Mutiny on a $13 billion US ship? Did tired soldiers set their own ship on fire to get home?

The US Navy is investigating whether the crew of the USS Gerald R. Ford deliberately set fire to their own ship to get off duty and go home?

The most expensive ($13 billion) warship in human history is now heading to Souda Naval Base, Crete, Greece next week for refueling, repairs and a formal "investigation" into the March 12 fire that left 600 soldiers without a place to sleep.

The Greek newspaper Kathimerini has revealed that the investigation is now looking into the possibility of deliberate "sabotage" by the crew!

 

Let's take a deep dive into this psychological earthquake:

The ship has been at sea since June 2025. Vice Chief of the US Navy Admiral Jim Kilby told the Senate that the deployment will now last about 11 months and the ship will not return before May.

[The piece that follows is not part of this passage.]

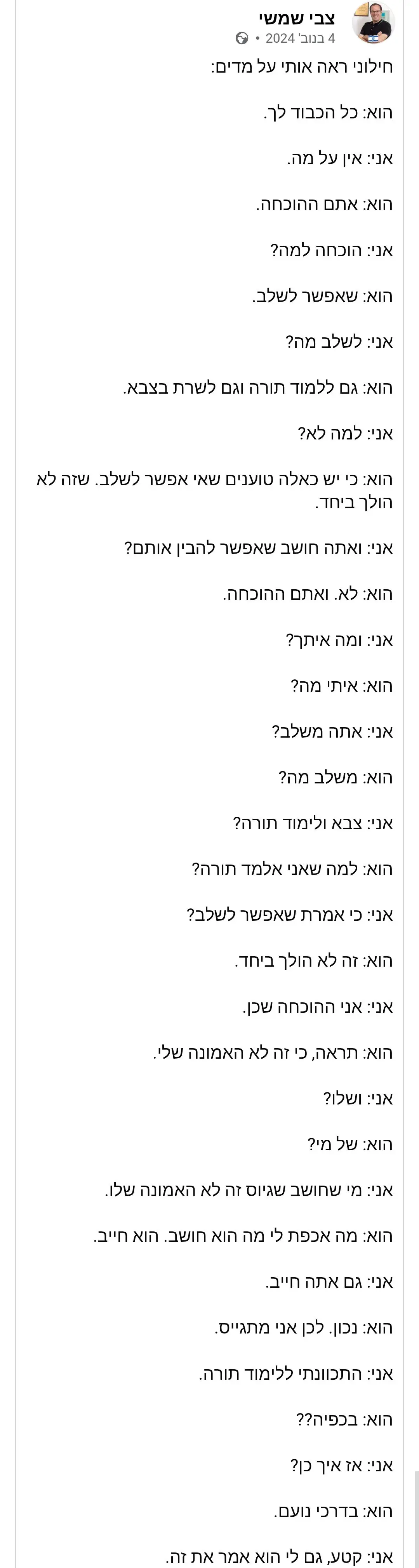 2.זה לא טענה שבאה מחרדי. זה מגיע ממישהו שהוא ניטרלי. הטענה העיקרית בעיני זה למה את החילוני מבינים ואת החרדי לא?

These soldiers were told to go home months ago. Then their duty was extended. Then extended again. And then they were thrown into the largest military operation in the Middle East since 2003. And now some of them may have decided that the only way out of this ship is to "set it on fire"

Setting your own ship on fire in a war zone is not because of bad food or bad weather. It happens when an institution strains human endurance to the point where it seems impossible to survive the mission.

Heading to Greece means that the only American supercarrier on the Gulf front is leaving. When the ship is docked in Greece, all that military pressure to protect the Strait of Hormuz, escort ships, and stop Iranian mines will be further reduced.

The repairs will take days, the investigation even longer. As long as the ship is docked in Greece, the Hormuz toll plaza will operate independently without fear of the US Air Force.

The investigation into this sabotage has exposed the truth that no military order can change: the humans sitting inside this $13 billion machine are breaking down!

 

On the other hand, just look at Iran's strategy. Iran's 'Mosaic Doctrine' never tires.

 

● Provincial commanders seeking martyrdom do not request vacations.

● The 'morale' of mines laid at sea never drops.

● They don't need beds to sleep in.

The cheapest naval blockade in modern history is running on radio handsets and sealed envelopes, while the most expensive warship in human history is running towards port because its own crew probably tried to burn it to get home!

 

The world's 'fertilizer' trapped behind this blockade of Hormuz doesn't care whether an American ship is in the Gulf or in Greece. The farmer's calendar doesn't stop to investigate a military coup. And the IRGC controlling Hormuz doesn't need a $13 billion ship to stop it. They're designed to be a bulwark against the Yazid of time!